- TASK TO CARRY OUT: An exact reproduction of the listing is wanted, with the pictures dropped.

- RECORDED DATA:
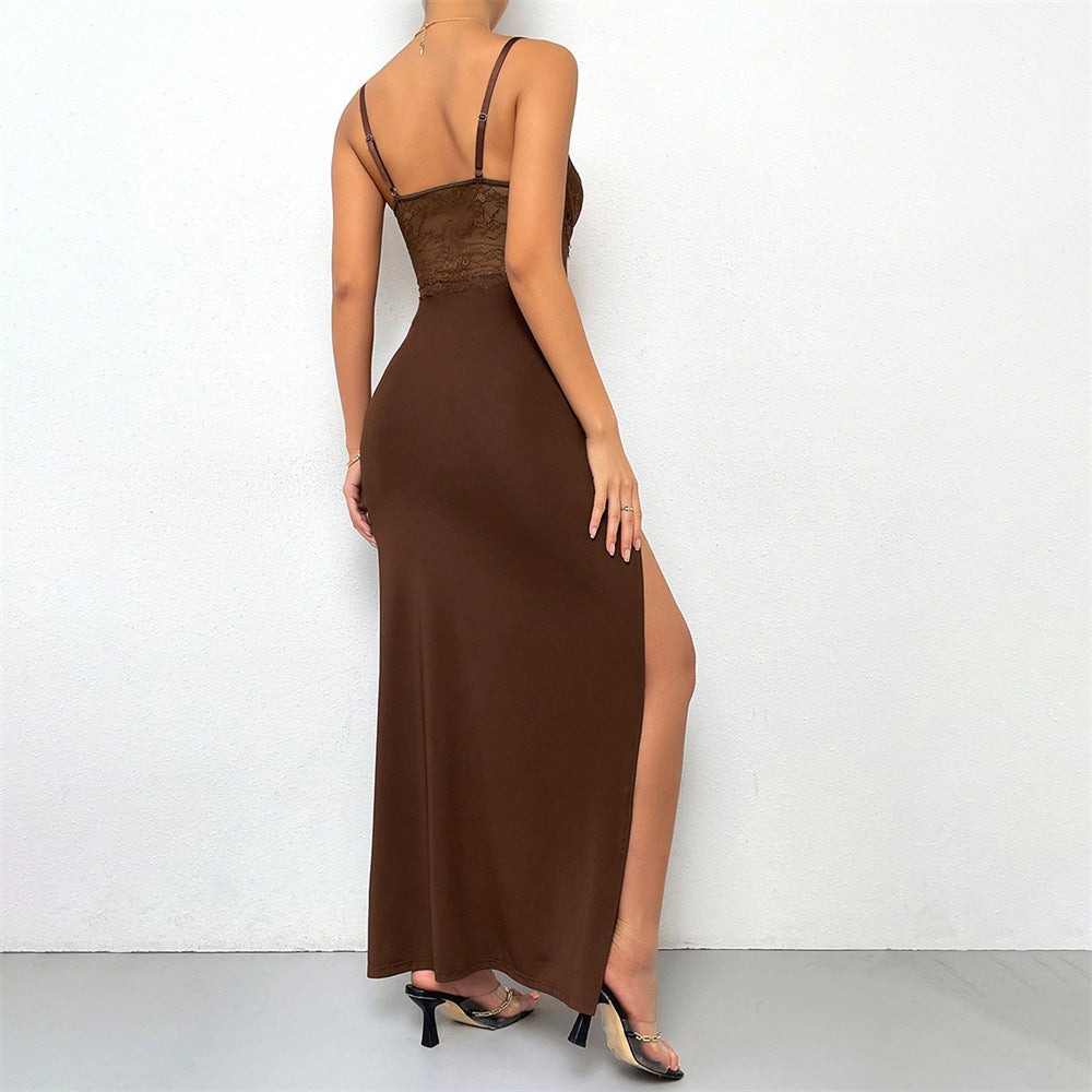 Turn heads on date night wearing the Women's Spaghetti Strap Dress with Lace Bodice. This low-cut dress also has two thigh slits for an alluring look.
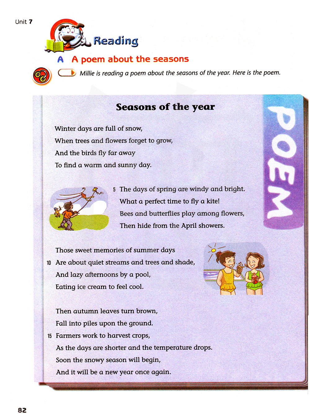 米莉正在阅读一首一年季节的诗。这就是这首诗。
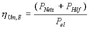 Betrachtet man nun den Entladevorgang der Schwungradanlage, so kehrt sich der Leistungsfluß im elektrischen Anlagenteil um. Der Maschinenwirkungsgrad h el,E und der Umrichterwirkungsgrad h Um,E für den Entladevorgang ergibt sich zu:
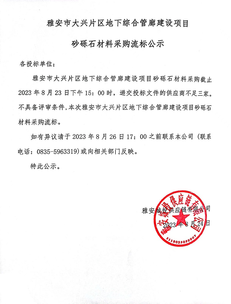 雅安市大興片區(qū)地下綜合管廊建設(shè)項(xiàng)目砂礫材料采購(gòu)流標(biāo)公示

- OUTPUT BELOW:
 Turn heads on date night wearing the Women's Spaghetti Strap Dress with Lace Bodice. This low-cut dress also has two thigh slits for an alluring look.
 米莉正在阅读一首一年季节的诗。这就是这首诗。
 Betrachtet man nun den Entladevorgang der Schwungradanlage, so kehrt sich der Leistungsfluß im elektrischen Anlagenteil um. Der Maschinenwirkungsgrad h el,E und der Umrichterwirkungsgrad h Um,E für den Entladevorgang ergibt sich zu:
 雅安市大興片區(qū)地下綜合管廊建設(shè)項(xiàng)目砂礫材料采購(gòu)流標(biāo)公示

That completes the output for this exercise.